All the signs are there. As we say, the circumstances vary but the progression is the same. There is no exact template; you don’t have to drink every day, you don’t have to have hit “rock bottom”(I believe absolute Rock Bottom is death), you don’t have to lose everything, you don’t have to have experience “blackouts” nor do you need to have crushing consequences of alcohol use. You merely have to admit that alcohol has affected your life irreparably and that is a problem that you have no control over.
I have been drinking at an unhealthy level for 40-plus years. I haven’t always consumed alcohol every day and I haven’t always gotten drunk. But it has been a destructive force in my life. I have drunk at the expense of my health. I have lost my temper with my family and other loved ones. I’ve driven intoxicated more times than I can count (the words “incredibly lucky” come to mind) and I know that I have set a terrible example for my children. I have made an ass out of myself in front of friends and co-workers more than I want to admit and I have wallowed in shame and regret more often than I care to consider. Even now that I’ve been able to achieve long periods of sobriety, I think about it every day. Not a day goes by when I do not think about going to buy a bottle. When I do buy one, I may not get plowed that day but I will drink out of it every day until it is gone. That means that working out, blogging, preparing meals and any other worthwhile pursuit will be left by the wayside as I feed an old, tiring habit. And I get zero value or reward from it.

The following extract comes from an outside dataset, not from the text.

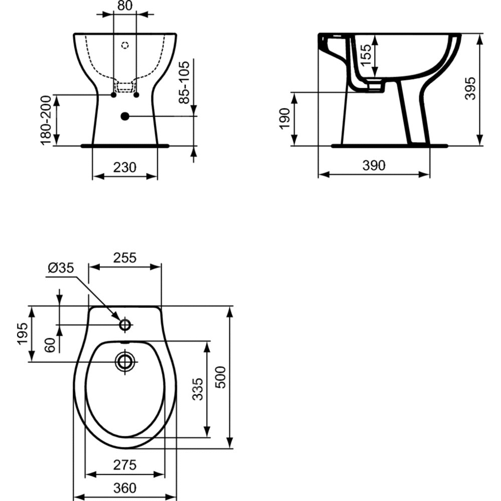 Bidet stojący Eurovit z wybtym jednym otworem na baterię.
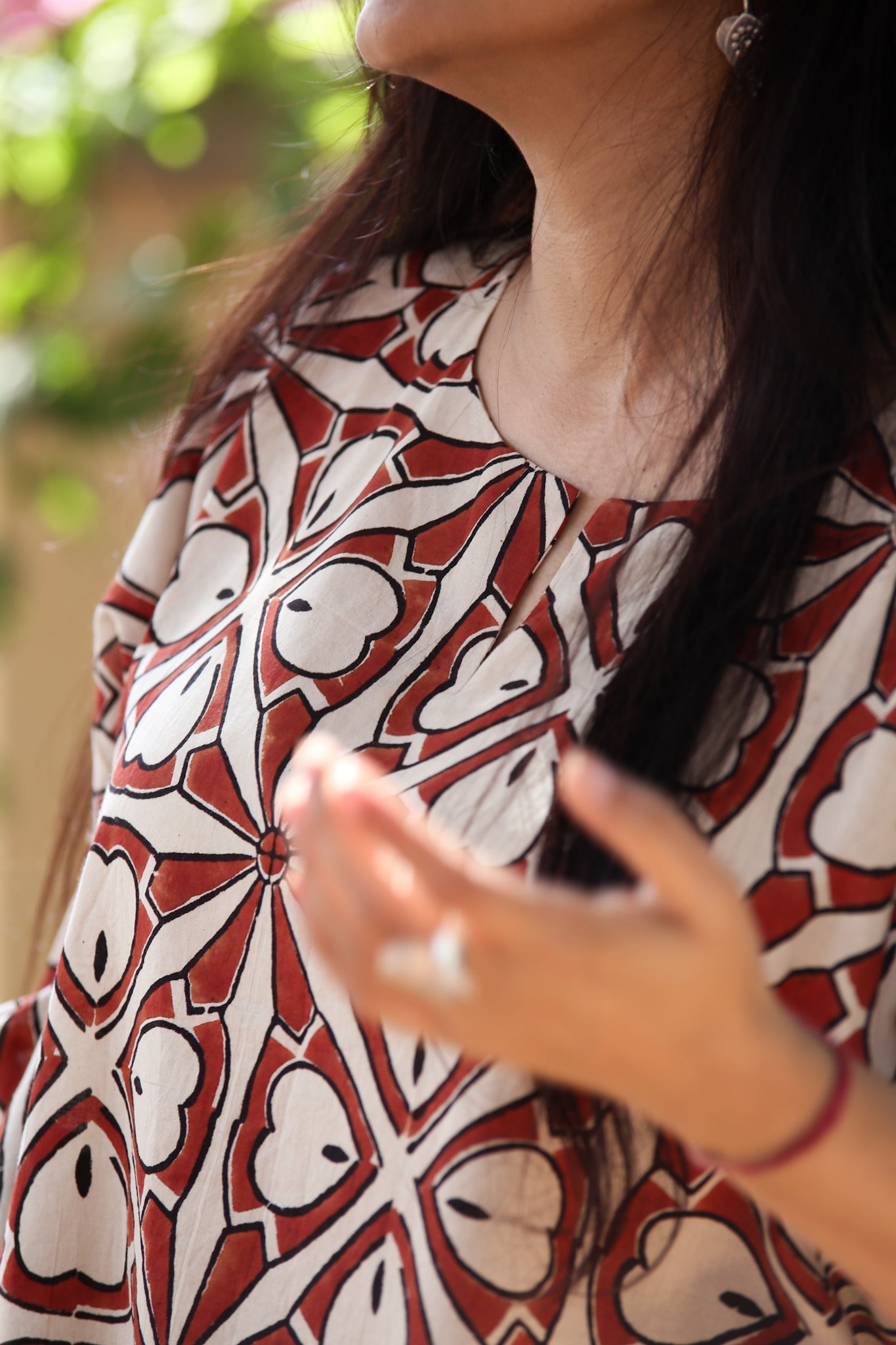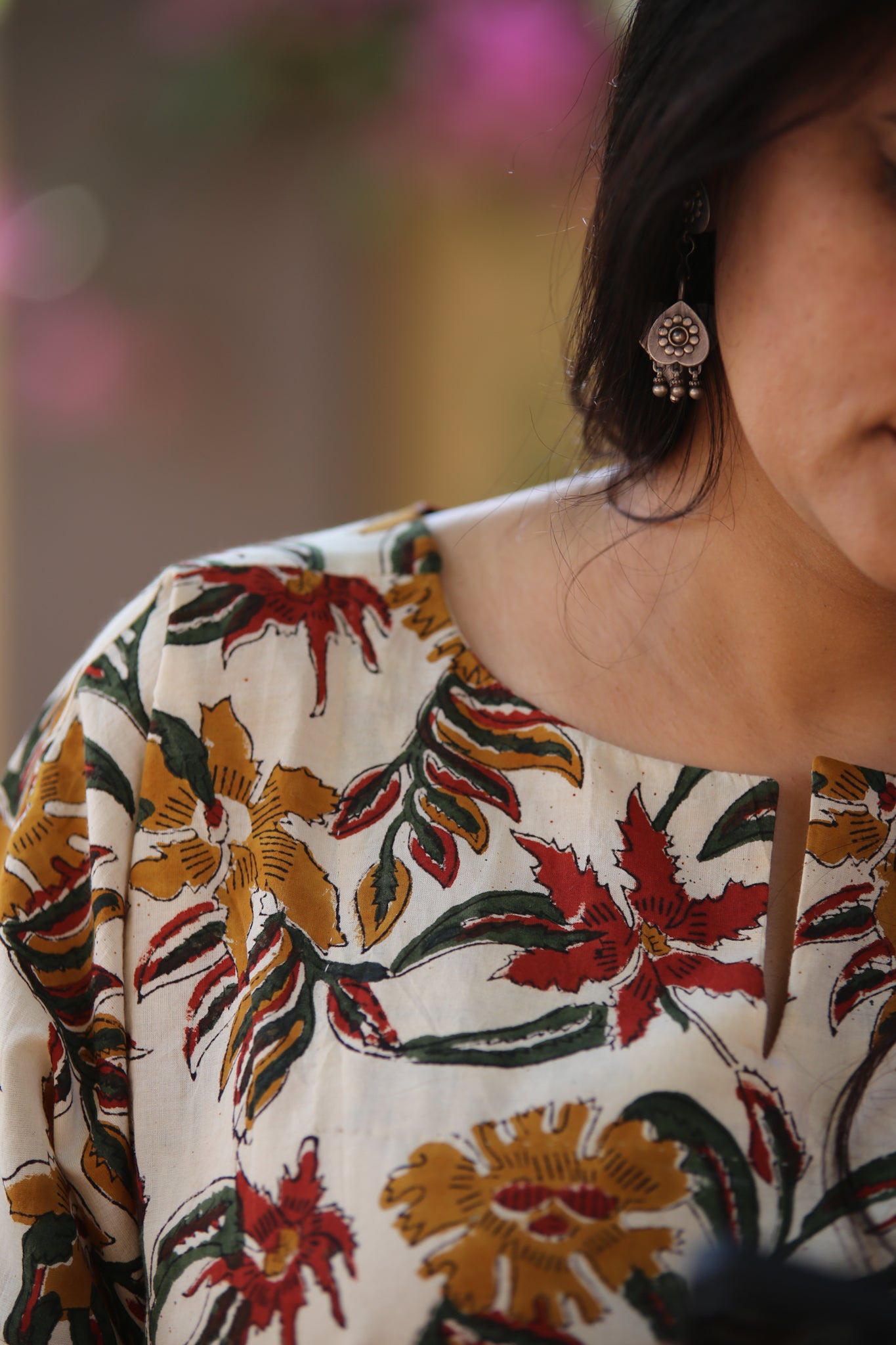 Fabric Preparation: The process starts with selecting high-quality cotton fabric. The fabric is pre-washed and treated with natural mordants to prepare it for dyeing and printing. This step ensures that the fabric absorbs the dyes evenly.

It’s time for a change. I feel good about it. I don’t enjoy it anymore, I rarely get intoxicated, and when I do I beat the hell out of myself emotionally during and after.
Alcoholism is about control. I no longer have control over it. Being able to avoid it is a mild accomplishment but I need to change my mindset and work towards a healthy and fulfilling life. Yes, I already crave this, anyone who knows me can confirm it. But I can do better.
I always tell my Clients that the key to embracing recovery is to not look at it as a continuation of the Old Life, but instead to look at it as a new beginning. It has occurred to me that I may be full of shit when I offer advice but I know I’m not. I am knowledgeable of the model of addiction and can speak with some conviction. But I need to go one step further and join them in doing the work. I can live the life that I want for them by joining them in the battle.
Today I am beginning the 1st of the 12 steps of Alcoholics Anonymous. I am admitting that I am powerless over the lure of alcohol, and that I currently live a life that is unmanageable. This is an important step in my overall goal of being an honest, accountable person of substance. It makes sense finally.